Actually I did the calculations for this already in the appendix of my master thesis and it is C_V(potential Energy)/(k_B beta^2)=0.5=
If I had to guess this could reduce the runtime by a factor of ~5.
I will prepare a PR for this.
This would still be a physical test instead of a proper integration test. According to valgrind, the RE methods account for 0.5% of the total runtime. What we really need here is an integration test with a system that converges at the 90'000th iteration of the for
loop. Otherwise the test will time out again in the future when we refactor the energy calculation or cell system.
We also cannot recompile parts of the code with a higher level of optimization for a single test without implementing a new CI framework to cache .gcda files.
I just tested the idea of using a 1D harmonic oscillator to speed up the tests.
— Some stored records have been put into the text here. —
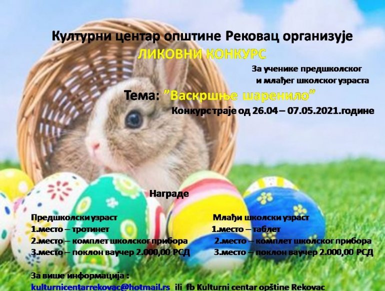 „ВАСКРШЊЕ шаренило“ назив је ликовног конкурса који је Културни центар општине Рековац организовао за ученике предшколског и млађег школског узраста поводом васкршњих празника.
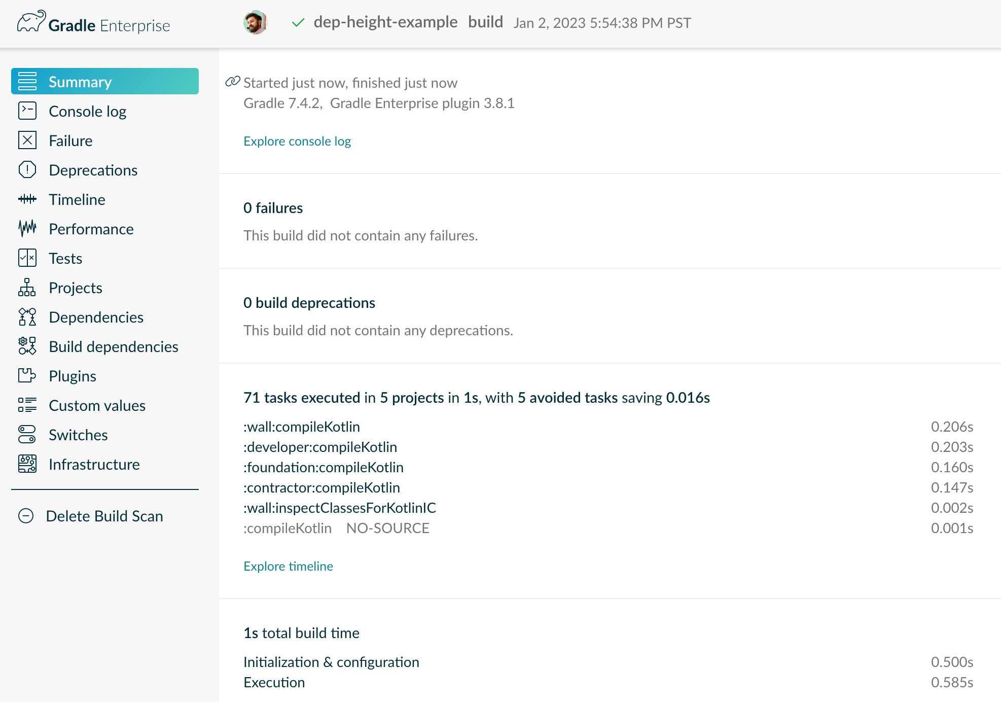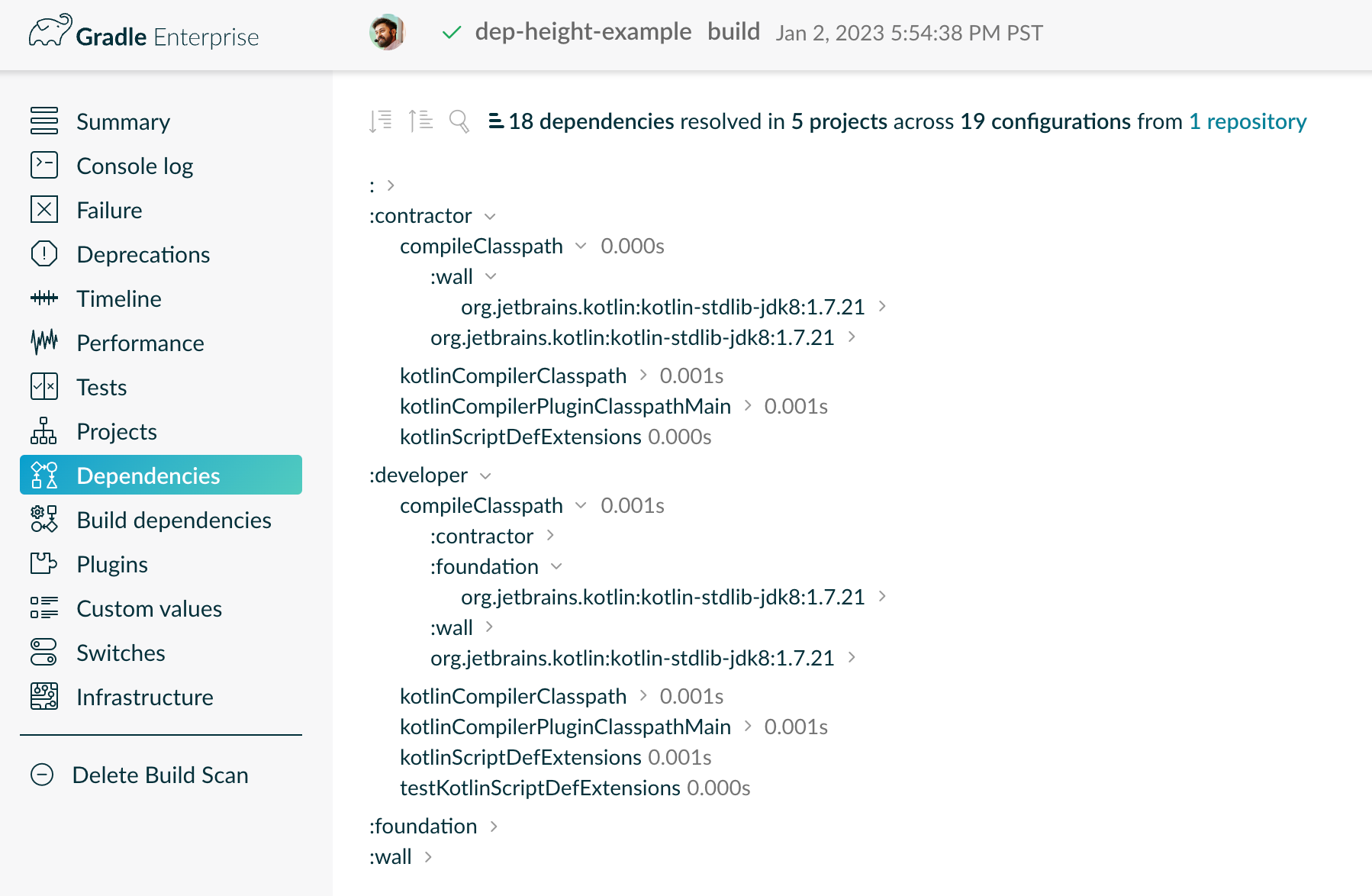 Gradle build scans are like an X-ray for your Gradle and Maven builds.
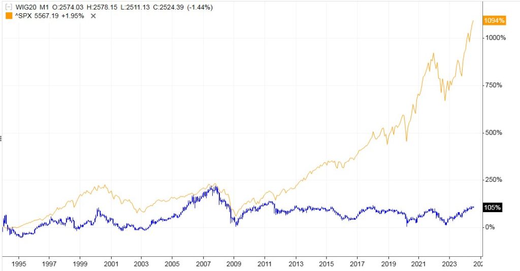 I tu jest przysłowiowy pies pogrzebany. Amerykańskie plany kapitałowe mają Wall Street i cały, najbardziej zróżnicowany na świecie rynek, kapitałowy. Jaki mają wybór polskie plany? Praktycznie żadnego. Jakakolwiek kilkumiesięczna „hossa” na GPW wywołuje pseudo fachowe prognozy i wzrost krytyki giełdy nowojorskiej. Tylko że te pseudo prognozy idą w zapomnienie, a Wall Street rośnie dalej i czym dłużej, tym bardziej bezlitośnie bije GPW na wszelkie możliwe sposoby. Celowo piszę tutaj „hossa” w cudzysłowie, gdyż nie jest to żaden rynek wzrostowy tylko kolejny rozdział obijania się głównych indeksów warszawskiego parkietu o te same wartości od ponad 20 lat. A brak długofalowego wzrostu zawsze dla planów emerytalnych będzie zniechęcający. Co gorsza, – nie ma żadnych szans na poprawę tej sytuacji, bo błędy popełniono dawno temu i mało kto potrafi zrozumieć, na czym one polegały.
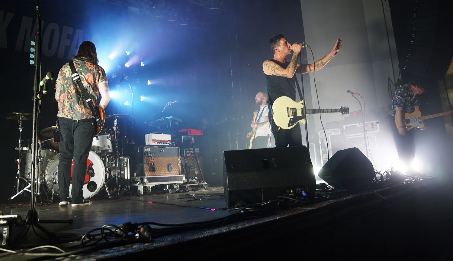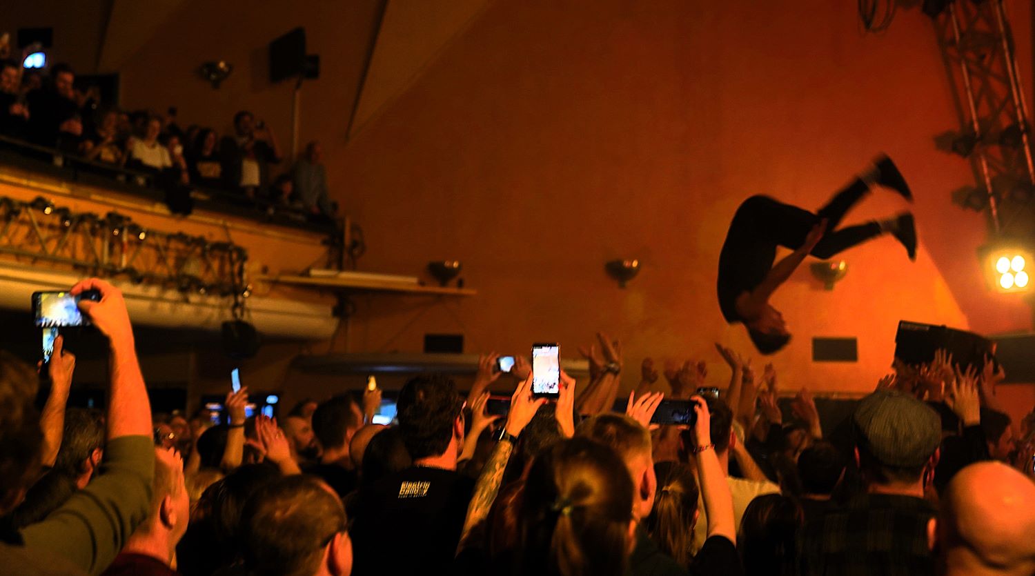 Die Kälte, die die Gäste von draußen in den Saal mitgebracht haben, vertreiben zunächst Alex Mofa Gang. Die wirken zunächst wie die Toten Hosen für Arme, entpuppen sich aber in der knappen Dreiviertelstunde ihrer Spielzeit als punkige Poprocker mit Mitgröl-Potential und Botschaft. Im „Mann von gestern“ appellieren sie an die Gleichstellungsbereitschaft der Menschen und später an die Fans, sich gegen Rassismus und Homophobie einzusetzen und für die Liebe zu hüpfen. Dann stellt sich Leadsänger Sascha Hörold inmitten des Publikums auf einen Drum-Koffer, den einige kräftige Fans in die Höhe stemmen – als Rampe, von der Hörold mit einem wagemutigen Salto zum Crowdsurfing hinunterspringt.
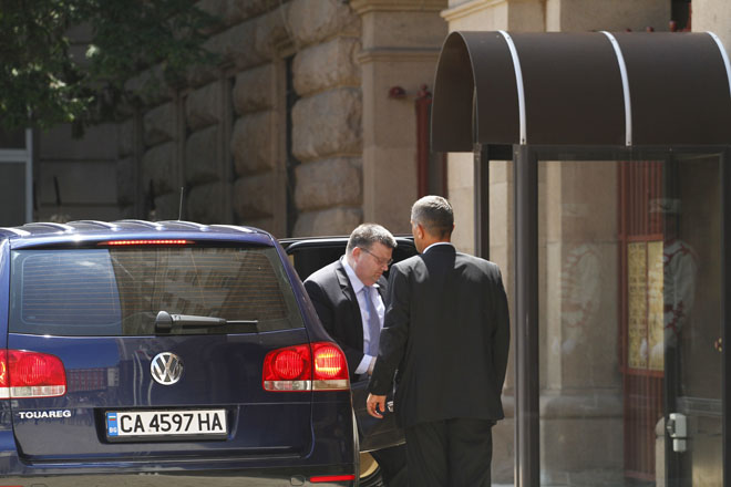 Лидерът на ГЕРБ Бойко Борисов влезе в президентството без да каже и дума пред журналистите. В същото време председателят на парламентарната група на "Коалиция за България" Наско Мерджанов изблъска грубо журналист от Канал 3, който се опита да му зададе въпрос.
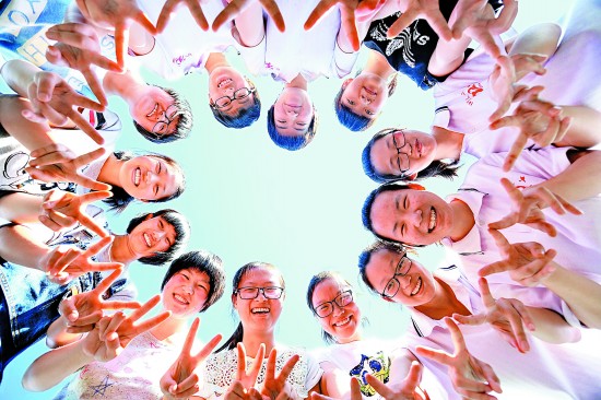 5月24日,河北省衡水市第二中学高三学生在操场摆出胜利手势。2016年高考临近,不少中学通过开展多种形式的集体“减压”活动,缓解高三考生应考压力,帮助他们以自信乐观的心态迎接高考。
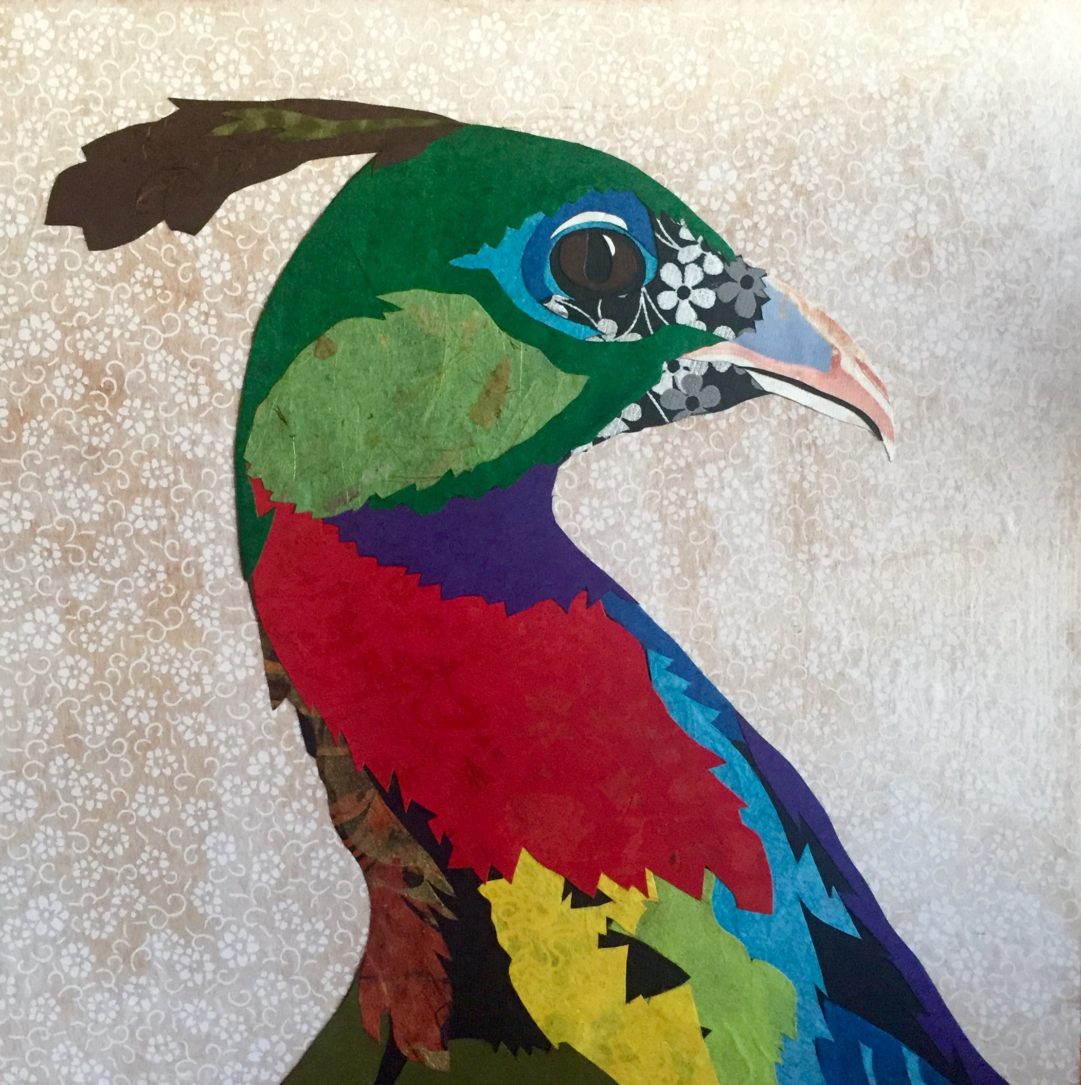 Chaitra Linehan Himilayan Monal Phesant 12x12 cut paper on board 2015

Unfortunately, it took the same amount of time to execute the test for a 1D harmonic oscillator or a 3D harmonic oscillator.
Seems like you need to drop the Wang-Landau reaction ensemble if the tests take too long. (The reaction ensemble and the cpH ensemble I would keep though, as this is also used in Peters group).
Do you know why that did not help?
Speculating, and seeing the timings, I would say that it is computationally the same cost because in both cases the potential energy density of states g(E(r)) needs to be computed. Somehow it seems to be computationally the same for the same range of energies, regardless of E being a function of r=x (1D), r=x,y (2D) or r=x,y,z (3D). But intuitively, I would have expected that the computational cost increases with dimensions.